43As to whether the outcome of the appeal is more favourable to the appellants than the offer made in the 7 March 2013 letter, they have succeeded in having the matter remitted to the Tribunal, with the prospect of success in defeating the claim in relation to the Schedule A broadcast, whereas acceptance of the offer would have led to the disposal of the appeal altogether. Comparison of the offer having regard to the position in relation to costs is more complicated. Had the offer been accepted, the appellants would have borne all of their costs of the respective proceedings (but none of Mr Trad's costs), thus giving up the prospect of any favourable costs orders in circumstances where they had succeeded on the Schedule B broadcast claims, whereas the outcome of the appeal is that, even if the appellants' submissions on the existing costs orders are accepted, the appellants will be exposed to the uncertainty of a costs order against them in the Tribunal proceedings.
44On balance, I consider the outcome of the appeal is more favourable to the appellants since it offers the prospect, however likely or unlikely that prospect might be said to be, of success on the remittal.
45However, the making of a Calderbank offer does not automatically result in a favourable costs order simply because that the judgment is more favourable to the party making the offer than the terms of the offer.

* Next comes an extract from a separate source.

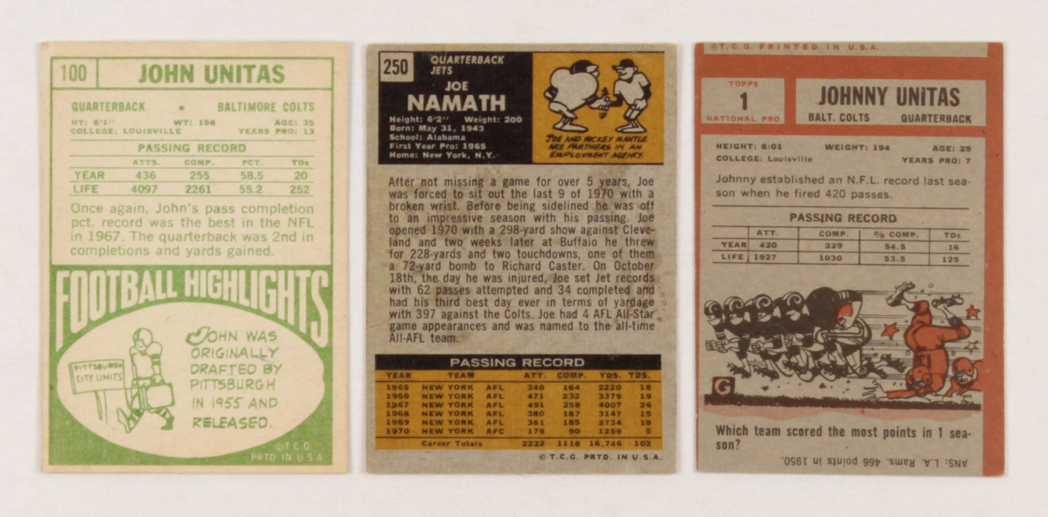 Lot of (3) Football Cards with 1962 Topps #1 Johnny Unitas, 1968 Topps #100 Johnny Unitas, & 1971 Topps #250 Joe Namath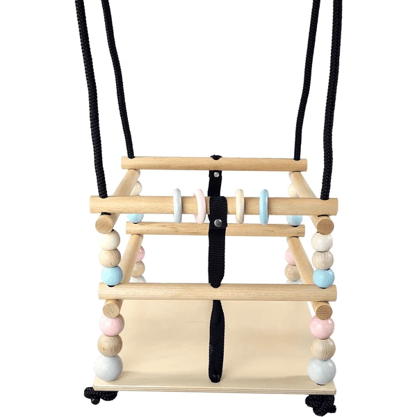 Gebruik onder direct toezicht van een volwassene en controleer regelmatig alle dragende onderdelen van deze kinderschommel (ophanging, bevestigingen, verankering). Haken waarin u de schommel ophangt, moeten zo zijn geconstrueerd dat onbedoeld losraken wordt voorkomen (bijv. door ze minstens 540° te buigen of door gebruik te maken van veerhaken).

The question is whether failure to accept the offer, in all the circumstances, warrants departure from the ordinary rule as to costs (SMEC Testing Services Pty Ltd v Campbelltown City Council per Giles JA at [37]). The onus is on the party making a Calderbank offer (here, the appellants) to satisfy the court that it should exercise the costs discretion in its favour (Evans Shire Council v Richardson (No 2) [2006] NSWCA 61). Not only must the offer invoke a genuine element of compromise, it must be one which was unreasonable for the offeree not to accept (Herning v GWS Machinery Pty Ltd (No 2) [2005] NSWCA 375 at [4]-[5]; Leichhardt Municipal Council v Green at [21]-[24], [36]).
46Ms Nomchong submits that it has not been established that it was unreasonable for Mr Trad to refuse the 7 March offer. She notes that no part of the appeal was directed to setting aside the existing costs orders and therefore, that those orders were not part of the matters against which Mr Trad was required to assess at the time of the proposal.
47Ms Nomchong submits that Mr Trad was not in a position to understand the nature and extent of the orders at the time the offer was made. Ms Nomchong also points to the fact that the offer was only open for 7 business days, a significantly shorter time than that applicable to offers of compromise under the Rules and notwithstanding that it was made at the time when the hearing was some five months away.
48I consider that there was a genuine element of compromise in the 7 March offer but that it was not established that it was unreasonable for Mr Trad to reject it at the time it was made.
49Therefore, I consider that the costs of the appeal should be ordered only on the ordinary basis. I would make one qualification to that, namely that the respondent should not bear the costs of the appellants' unsuccessful application for redaction of the published reasons.